WORK ORDER: Repeat everything in the listing exactly, except for the images.

DATASET EXTRACT:
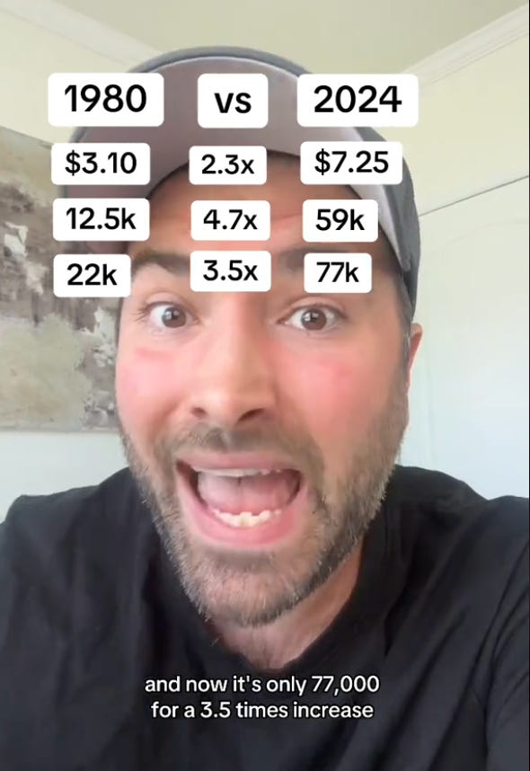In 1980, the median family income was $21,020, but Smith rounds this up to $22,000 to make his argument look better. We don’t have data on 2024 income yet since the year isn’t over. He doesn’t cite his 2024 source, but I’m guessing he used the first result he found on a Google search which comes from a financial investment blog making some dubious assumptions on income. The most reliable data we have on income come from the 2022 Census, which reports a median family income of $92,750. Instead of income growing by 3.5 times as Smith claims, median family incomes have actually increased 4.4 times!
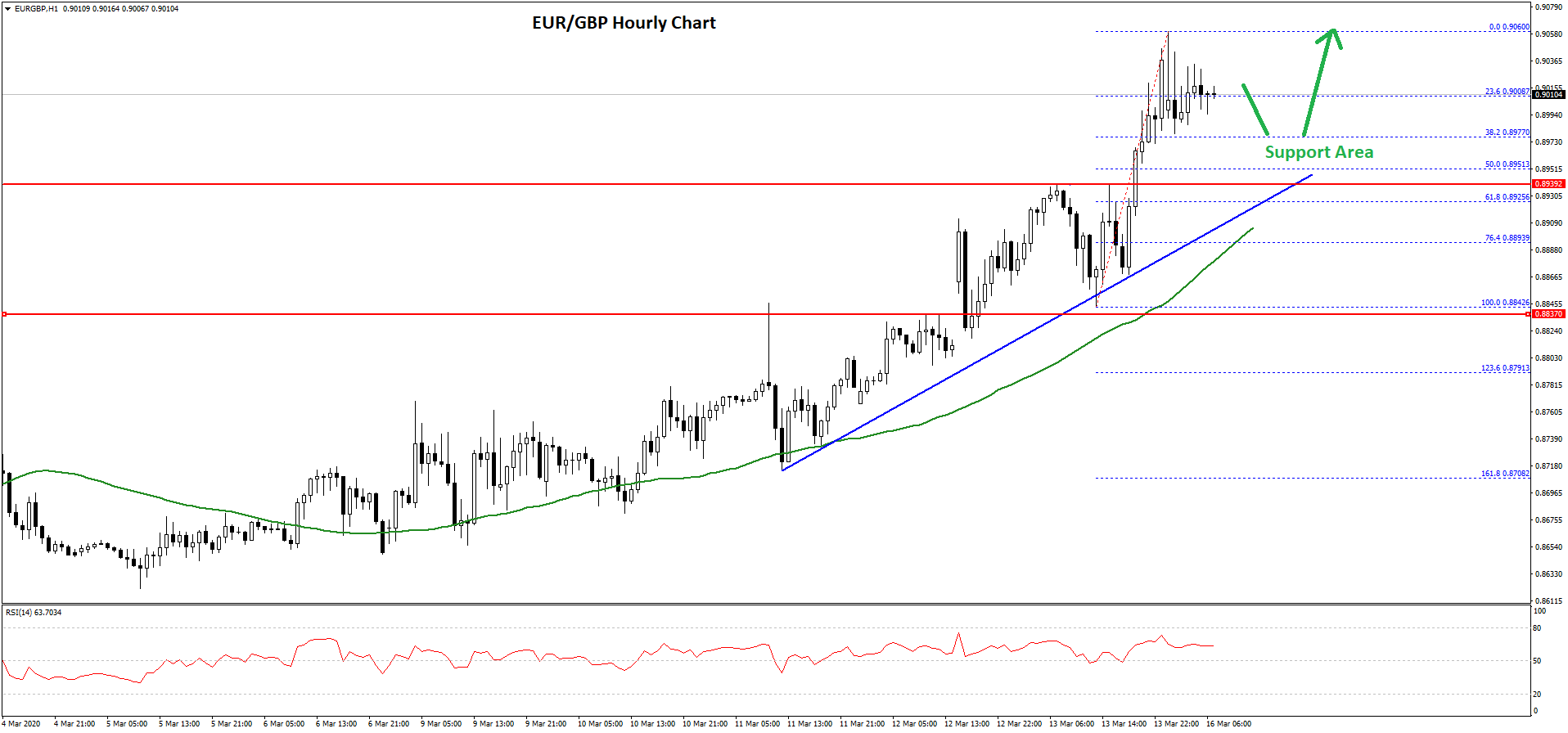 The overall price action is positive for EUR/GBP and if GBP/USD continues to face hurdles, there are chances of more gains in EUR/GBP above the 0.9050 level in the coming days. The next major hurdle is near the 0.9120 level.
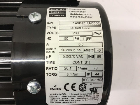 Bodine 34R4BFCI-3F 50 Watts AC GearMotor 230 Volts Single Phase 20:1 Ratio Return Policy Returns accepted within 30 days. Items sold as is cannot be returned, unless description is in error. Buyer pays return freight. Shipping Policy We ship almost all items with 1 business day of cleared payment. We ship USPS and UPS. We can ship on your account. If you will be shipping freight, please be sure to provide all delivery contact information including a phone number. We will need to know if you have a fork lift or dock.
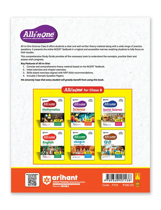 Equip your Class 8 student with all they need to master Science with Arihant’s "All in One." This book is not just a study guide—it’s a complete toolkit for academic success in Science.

RESPONSE:
In 1980, the median family income was $21,020, but Smith rounds this up to $22,000 to make his argument look better. We don’t have data on 2024 income yet since the year isn’t over. He doesn’t cite his 2024 source, but I’m guessing he used the first result he found on a Google search which comes from a financial investment blog making some dubious assumptions on income. The most reliable data we have on income come from the 2022 Census, which reports a median family income of $92,750. Instead of income growing by 3.5 times as Smith claims, median family incomes have actually increased 4.4 times!
 The overall price action is positive for EUR/GBP and if GBP/USD continues to face hurdles, there are chances of more gains in EUR/GBP above the 0.9050 level in the coming days. The next major hurdle is near the 0.9120 level.
 Bodine 34R4BFCI-3F 50 Watts AC GearMotor 230 Volts Single Phase 20:1 Ratio Return Policy Returns accepted within 30 days. Items sold as is cannot be returned, unless description is in error. Buyer pays return freight. Shipping Policy We ship almost all items with 1 business day of cleared payment. We ship USPS and UPS. We can ship on your account. If you will be shipping freight, please be sure to provide all delivery contact information including a phone number. We will need to know if you have a fork lift or dock.
 Equip your Class 8 student with all they need to master Science with Arihant’s "All in One." This book is not just a study guide—it’s a complete toolkit for academic success in Science.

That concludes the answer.